人生は夜間飛行だ。 基地との交信が途絶えれば方向を見失い予測不能の嵐になす術もない。 だが、それを自由と勘違いして自ら交信断絶を選ぶ者もある。 集団をつくれば不安と共に自由は消える。 そして集団同士が交信能力を失う時、暴力が召喚される。 交信(=言葉)の力が試されているのが現代である。
- 著者
- サン=テグジュペリ
- 出版日
- 1956-02-22
素敵な表紙だと思ったら宮崎駿だった。
「星の王子様」のサン=テグジュペリ作、南米を舞台に郵便飛行機事業に命を賭ける男たちの物語。
飛行士は新婚の妻を残して危険な夜間飛行に向かう。彼は残した妻の愛と不安を理解できない。

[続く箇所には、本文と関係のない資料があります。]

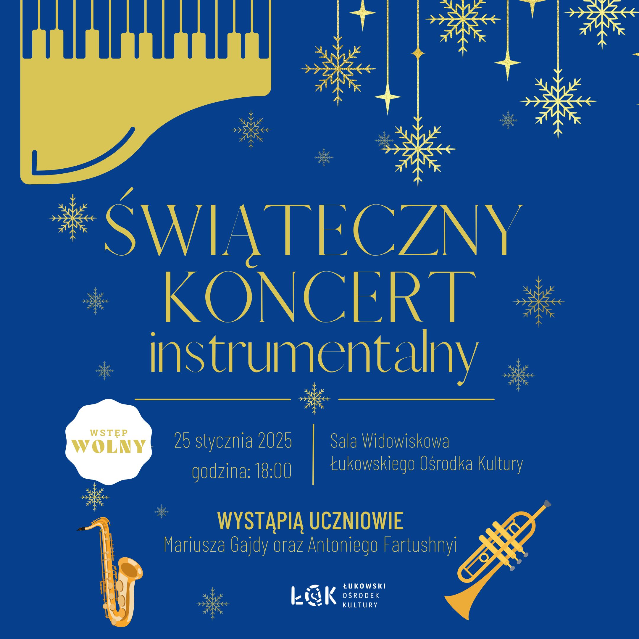 - To będzie piękny popis umiejętności instrumentalnych. Uczniowie kształcący się w murach Łukowskiego Ośrodka Kultury zaprezentują swój ostatni dorobek artystyczny w świątecznym repertuarze. Wszyscy wykonawcy rozwijają się na co dzień podczas zajęć prowadzonych przez naszych instrumentalnych mistrzów: Mariusza Gajdy i Antona Fartushnyi - zapewniają organizatorzy.Na scenie usłyszymy instrumenty dęte i klawiszowe. Koncert odbędzie się w sobotę, 25 stycznia o godz. 18:00 w Sali Widowiskowej Łukowskiego Ośrodka Kultury. Wstęp wolny.

基地を統括するリヴィエールは飛行士たちへの愛情を隠し、過剰に冷徹な態度を取る。
彼らにとって大切なのはミッションだけだ。
予測不能な大嵐との戦いの一夜が始まる。
- 著者
- 新美 南吉
- 出版日
「にんげんって、ほんとにおそろしいものなんだよ。」
母ぎつねは子ぎつねに言い含め、手袋代の白銅貨を渡す。
でも、子ぎつねは間違えて・・・。
新実南吉は「生けるものおたがいの、しかし生存所属を異にしたものの、たましいの流通共鳴」を追い求めた。
だが、この物語で「流通共鳴」したのは「たましい」ではなく「貨幣」だったと、経済学者は指摘する。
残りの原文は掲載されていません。